И все-таки мне религиозность не близка. Я походил на Двар Тору, которую блестяще делала Женя Альбац. Четыре года мы ходили по четвергам. Женя собирала фантастически интересных людей, было очень здорово. Каждую неделю кто-то должен был рассказать о своем видении. Она звала самых разных гостей. Был Фридман, был Мильман — посол Израиля. Много самых разных людей приходило. И был раввин, многоуважаемый Пинхас Гольдшмидт. Шла дискуссия, все комментировали, исходя из своего светского понимания. А рав Пинхас после того, как все высказывали свою точку зрения, говорил о том, что на самом деле предполагалось. Общение было потрясающим. Там были драматурги, доктора наук, и состоявшиеся люди, и молодежь.

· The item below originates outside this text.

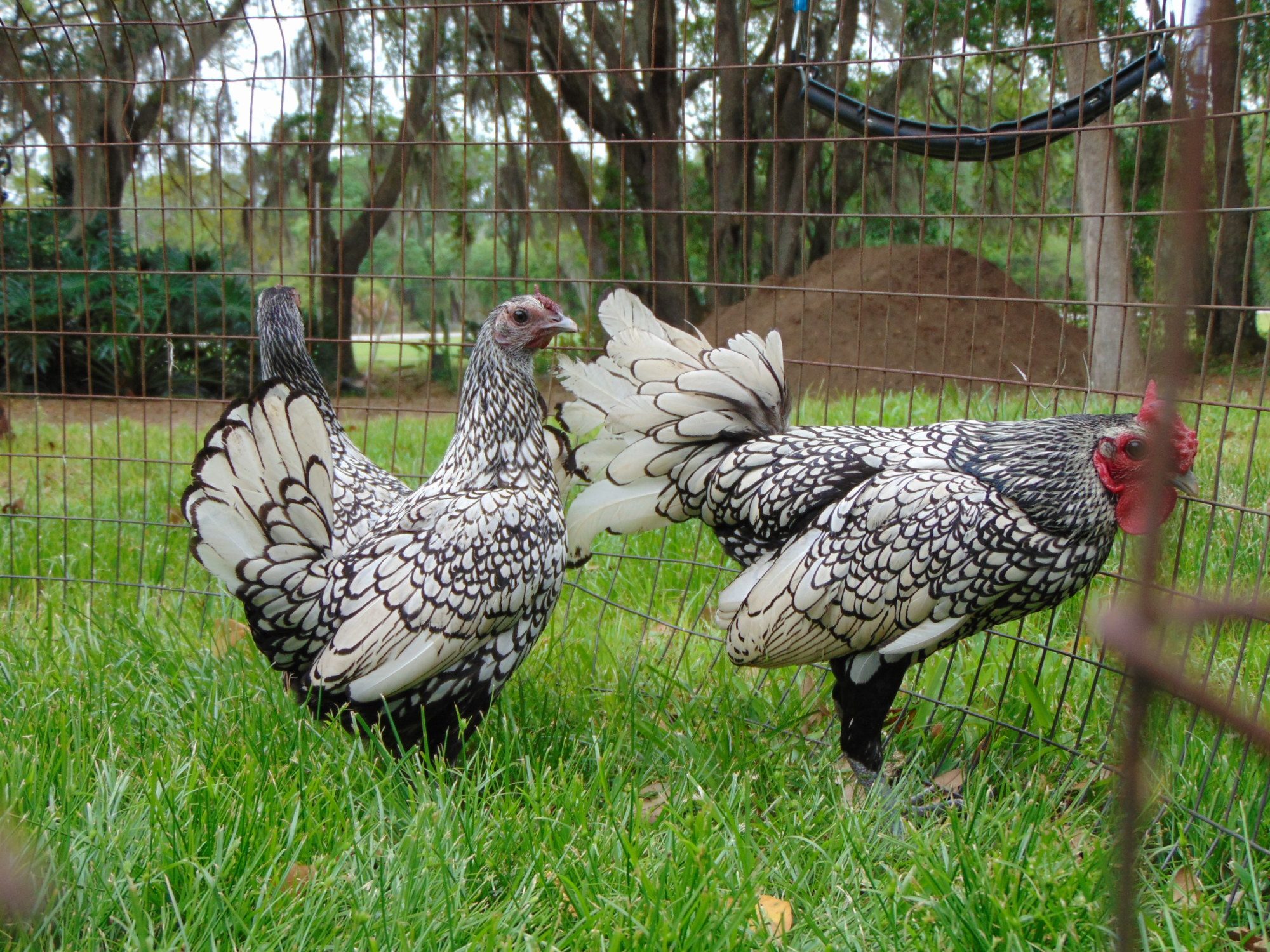 so i thought i'd say for those of you who are new to sebrights, and might be worried about their so called lack of broodiness, i have had two sebrights. one set her own nest and hatched out ten out of eleven eggs. and my other sebright went broody on a single golf ball and then excepted two eggs that were not her own. both hatched but only one survived through no fault of hers. it was born weak. the other chick is the smartest and heatiest chick i've ever seen. so i have had no problems with sebrights going broody. so those of you who are new to sebrights don't believe the internet. my sebrights bring me nothing but joy. they are even decent layers.

Возвращаясь к религиозности. Я походил с друзьями по синагогам — меня не цепляет. Хотя повторюсь: изучение недельных глав было очень интересным. Именно в такой игровой манере. Поэтому «Гилель» мне нравится тем, что ты занимаешься еврейством без его сильного религиозного контекста.
Виктор Найшуллер родился в 1956 г. в Мурманске. Окончил медицинский институт. Работал врачом-реаниматологом и врачом скорой помощи. В 1988 г. организовал торгово-закупочный кооператив «Балчуг». К 1994 году встал во главе банка «Балчуг» и одноименного многопрофильного холдинга. Открыл сеть магазинов «Офис Клаб» по продаже канцтоваров и офисной мебели. Входил в двадцатку самых богатых людей России.
Создал компанию ОМС, сфера деятельности — клининг, организация питания, эксплуатация зданий.
Член попечительского совета «Гилель» России.
Большой поклонник гольфа.
Отец Ильи Найшуллера — российского кинорежиссера, киноактера, продюсера, сценариста, фронтмена группы Biting Elbows.
— Когда «Гилель» вошел в вашу жизнь?
Когда я начал давать деньги. Это были тучные годы. Потом годы стали тяжелее, при этом пришло осознание, что делаешь какое-то полезное дело, и это уже не бросить.
— То есть сегодня «Гилель» — это ваша ответственность?
Конечно. Каждый для себя выбирает. Я много где сейчас подписан. А здесь все-таки ты кроме денег вовлечен, от твоих действий что-то зависит.
— По образованию вы врач и 10 лет работали на скорой?
На скорой я работал только три или четыре года.
— Мне кажется, одна из важных задач врача — как раз тикун олам, он не просто исправляет мир, он спасает жизни. И то, что вы сегодня уделяете так много времени «Гилелю», это тоже ваше продолжение тикун олама.
Всё, что мы делаем в этой жизни, если мы делаем это правильно, — это всё тикун олам.
— В какой-то момент вы переехали в Москву?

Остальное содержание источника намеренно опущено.